- El TCU investiga la transferencia de R$ 5,7 mil millones al FGO para el Desenrola 2.0.
- Los recursos no están sujetos a los límites de gasto del presupuesto federal, que restringe el crecimiento a un 2,5% anual.
- El gobierno ha bloqueado R$ 23,7 mil millones del presupuesto de los ministerios para cumplir con las restricciones fiscales.
- La ley 14.973 de 2024 estipula que los fondos no reclamados deberían ir a la tesorería nacional, pero esto fue revocado por una medida provisional.
- El Ministerio de Hacienda defiende el uso de estos fondos como privados, argumentando que benefician tanto al gobierno como a las instituciones financieras.
- La falta de transparencia en la gestión de estos recursos podría afectar la confianza en la administración fiscal de Brasil.
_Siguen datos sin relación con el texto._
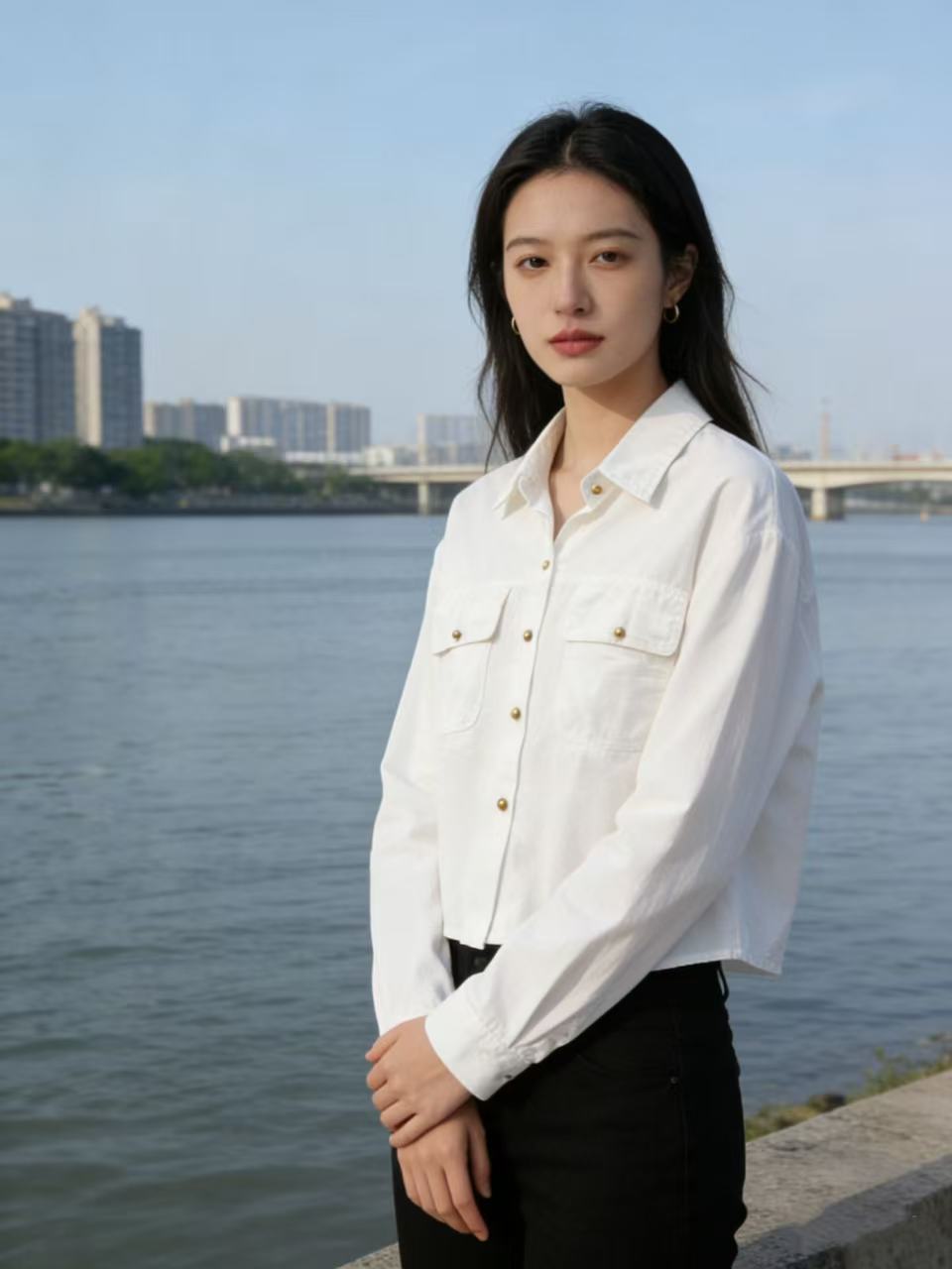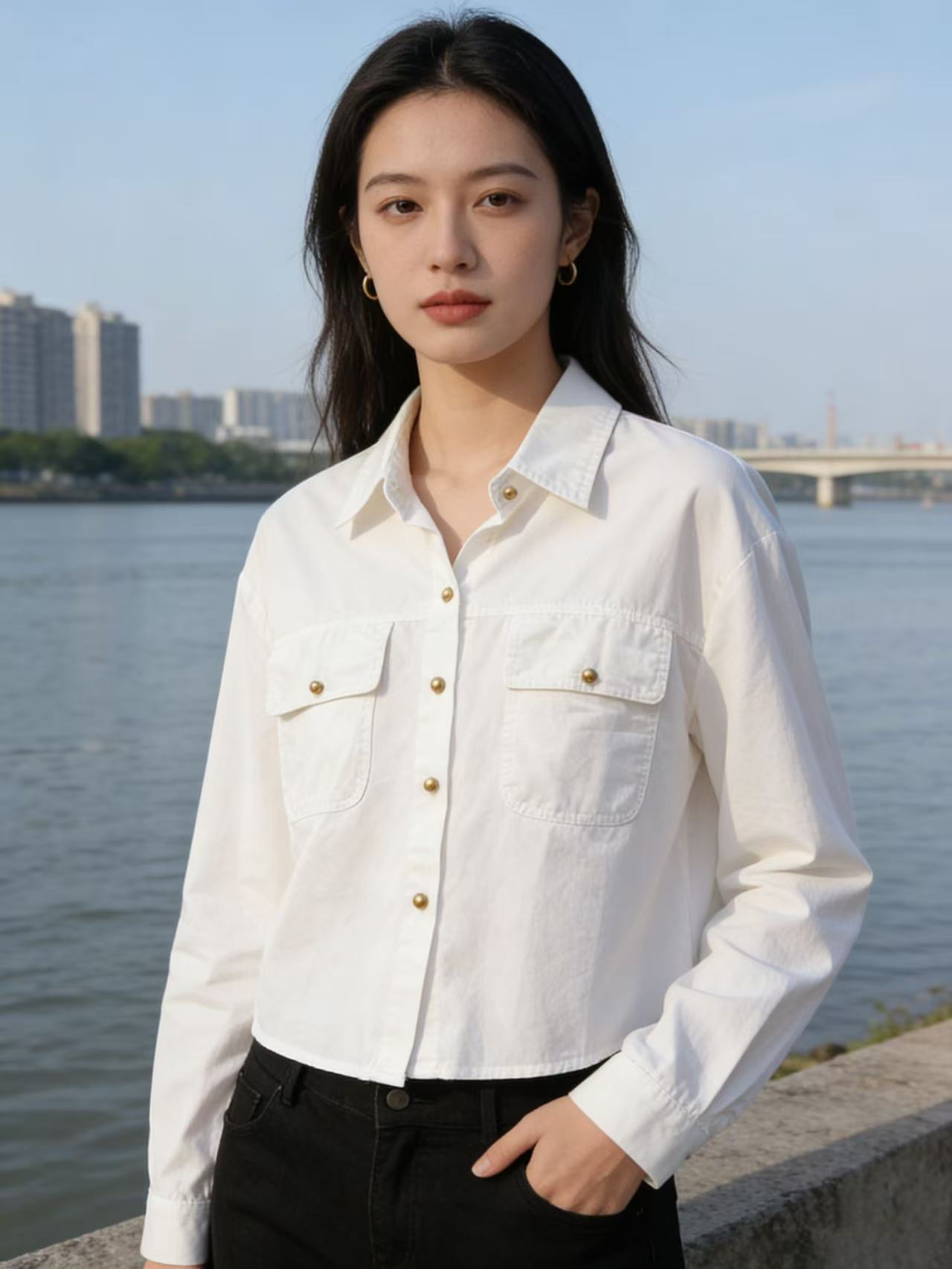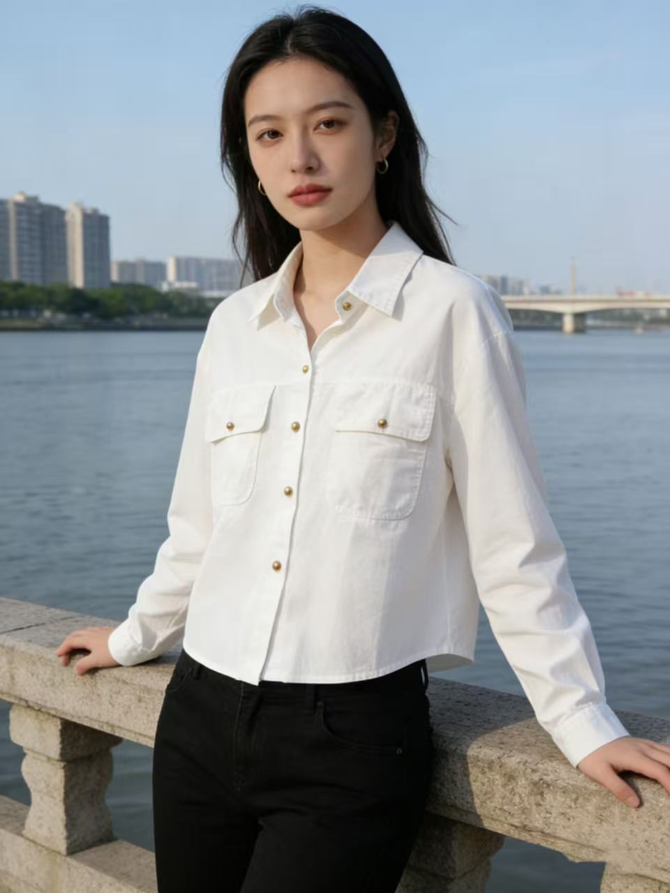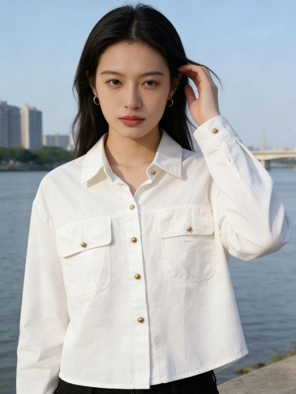 品牌促【自营】衣周期 6560 韩版100%棉金色扣宽松版衬衫上衣-喜出

El Tribunal de Cuentas de la Unión (TCU) de Brasil ha iniciado una investigación sobre la transferencia de fondos no reclamados de trabajadores, que se encuentran en los bancos, hacia un fondo destinado a respaldar el programa Desenrola 2.0. Este programa, lanzado por el gobierno de Lula, busca facilitar la renegociación de deudas de los trabajadores en un año electoral. Hasta la fecha, se han transferido R$ 5,7 mil millones al Fondo de Garantía de Operaciones (FGO), un fondo privado que también recibe aportes del gobierno, lo que plantea interrogantes sobre la legalidad y la transparencia de estas operaciones.
La controversia surge porque estos recursos no están sujetos a los límites de gasto establecidos por el presupuesto federal, que restringe el crecimiento del gasto a un máximo del 2,5% anual, ajustado por inflación. Si estos fondos se incluyeran formalmente en el presupuesto, el gobierno tendría que recortar gastos en otras áreas, lo que complicaría aún más la gestión fiscal en un año electoral, donde la presión por mantener el apoyo popular es alta. En el último mes, el gobierno ya ha bloqueado R$ 23,7 mil millones del presupuesto de los ministerios para cumplir con estas restricciones.
La auditoría del TCU se centra en el tratamiento contable y financiero de estos fondos, de acuerdo con la ley 14.973 de 2024, que estipula que, tras el plazo de rescate, los recursos deberían ser transferidos a la tesorería nacional. Sin embargo, una medida provisional relacionada con el Desenrola 2.0 ha revocado este requisito, permitiendo que los fondos se utilicen sin pasar por el presupuesto, lo que ha generado críticas sobre la falta de transparencia y el riesgo de un "presupuesto paralelo".
El Ministerio de Hacienda ha defendido el uso de estos recursos, argumentando que son fondos privados que mantendrán su estatus incluso después de ser transferidos al FGO. Además, el gobierno sostiene que el Desenrola 2.0 es una colaboración entre el sector público y privado, donde las instituciones financieras también se benefician al aumentar las posibilidades de recuperación de préstamos que, de otro modo, serían incobrables. Sin embargo, la falta de claridad en la gestión de estos recursos podría erosionar la confianza en la administración fiscal del país.
A medida que avanza la investigación del TCU, es crucial monitorear cómo el gobierno responderá a las preocupaciones sobre la transparencia y la legalidad de estas operaciones. La situación podría influir en la percepción del mercado sobre la estabilidad fiscal de Brasil y, por ende, afectar la confianza de los inversores. Además, la evolución de este caso podría tener repercusiones en la política fiscal del país y en la relación del gobierno con el Congreso, especialmente en un año electoral donde las decisiones financieras son especialmente sensibles.